Segment Start: DATA FOR ANALYSIS
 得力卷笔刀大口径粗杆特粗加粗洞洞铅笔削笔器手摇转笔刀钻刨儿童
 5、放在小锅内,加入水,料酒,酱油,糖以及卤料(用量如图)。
Segment End: DATA FOR ANALYSIS
Segment Start: DATA FOR ANALYSIS
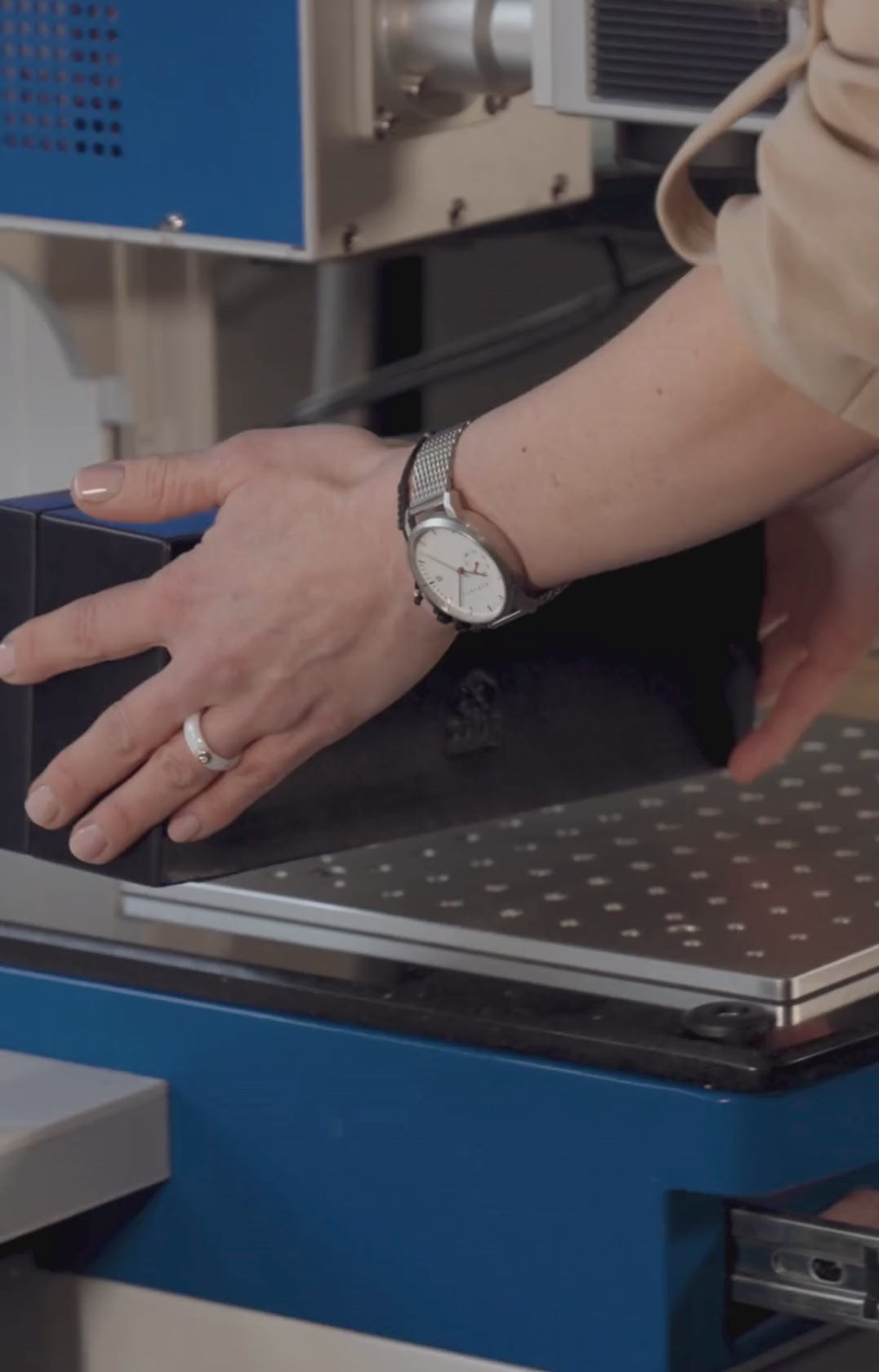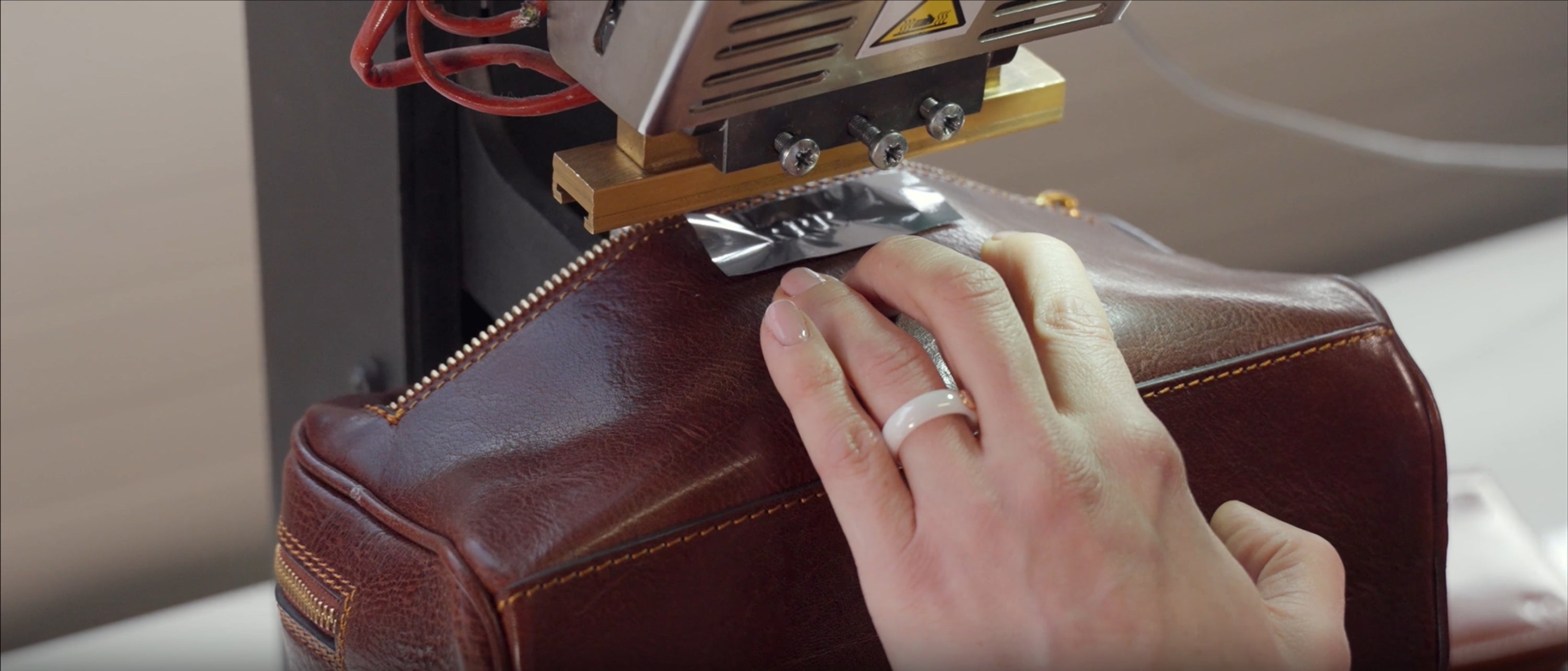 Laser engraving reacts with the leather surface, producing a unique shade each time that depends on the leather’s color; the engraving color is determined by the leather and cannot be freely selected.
Segment End: DATA FOR ANALYSIS
(WORK TASK) Within the material above, copy exactly the lines from the line that holds "得力卷笔刀大口径粗杆特粗加粗洞洞铅笔削笔器手摇转笔刀钻刨儿童" up to and including the line that holds "5、放在小锅内,加入水,料酒,酱油,糖以及卤料(用量如图)。".

(RESULT)
 得力卷笔刀大口径粗杆特粗加粗洞洞铅笔削笔器手摇转笔刀钻刨儿童
 5、放在小锅内,加入水,料酒,酱油,糖以及卤料(用量如图)。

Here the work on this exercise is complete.